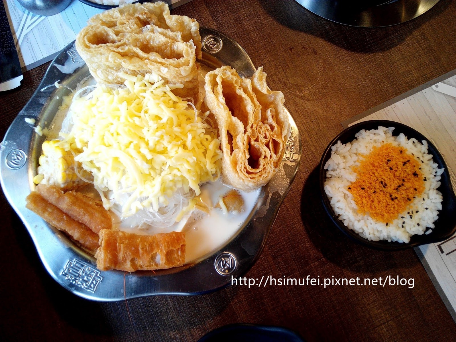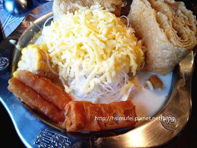 有別於偈亭的魚鬆飯,联亭把魚酥加在飯上,吃起來鹹甜鹹甜。 奶香起司鍋的滿滿配料多樣化,有油條、豆皮、玉米、冬粉、豬肉、黑木耳、魚餃、鳥蛋、金針菇、魚蛋、貢丸、魚丸、金干貝、白蝦、高麗菜以及起司絲。
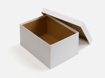 Коробка из переплетного картона, кашированного белой дизайнерской бумагой.
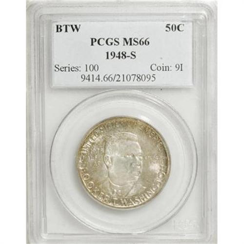 <B>1948-S 50C Booker T. Washington MS66 PCGS.</B></I> PCGS Population (202/3). NGC Census: (268/38). Mintage: 8,005. Numismedia Wsl. Price for NGC/PCGS coin in MS66: $240. (#9414)<BR><BR><b>Shipping:</b> Coins & Currency (<a target="_blank" href="http://www.heritageauctions.com/common/shipping.php">view shipping information</a>)
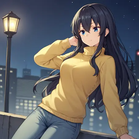 Default outfit - yellow sweater, long sleeves, turtleneck sweater, blue pants, jeans
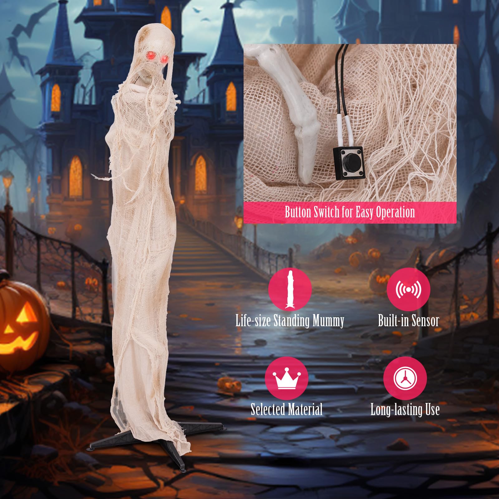 - Scary Holiday Decoration: Bring the eerie charm of ancient Egypt to your Halloween decoration with this 6ft animated mummy. Designed with striking LED red glowing eyes, this animatronic mummy casts a fearsome glow that enhances spooky Halloween ambiance.

+--

Give back all of the material exactly, though without the images it contains.

- [Reply to the exercise]:
 有別於偈亭的魚鬆飯,联亭把魚酥加在飯上,吃起來鹹甜鹹甜。 奶香起司鍋的滿滿配料多樣化,有油條、豆皮、玉米、冬粉、豬肉、黑木耳、魚餃、鳥蛋、金針菇、魚蛋、貢丸、魚丸、金干貝、白蝦、高麗菜以及起司絲。
 Коробка из переплетного картона, кашированного белой дизайнерской бумагой.
 <B>1948-S 50C Booker T. Washington MS66 PCGS.</B></I> PCGS Population (202/3). NGC Census: (268/38). Mintage: 8,005. Numismedia Wsl. Price for NGC/PCGS coin in MS66: $240. (#9414)<BR><BR><b>Shipping:</b> Coins & Currency (<a target="_blank" href="http://www.heritageauctions.com/common/shipping.php">view shipping information</a>)
 Default outfit - yellow sweater, long sleeves, turtleneck sweater, blue pants, jeans
 - Scary Holiday Decoration: Bring the eerie charm of ancient Egypt to your Halloween decoration with this 6ft animated mummy. Designed with striking LED red glowing eyes, this animatronic mummy casts a fearsome glow that enhances spooky Halloween ambiance.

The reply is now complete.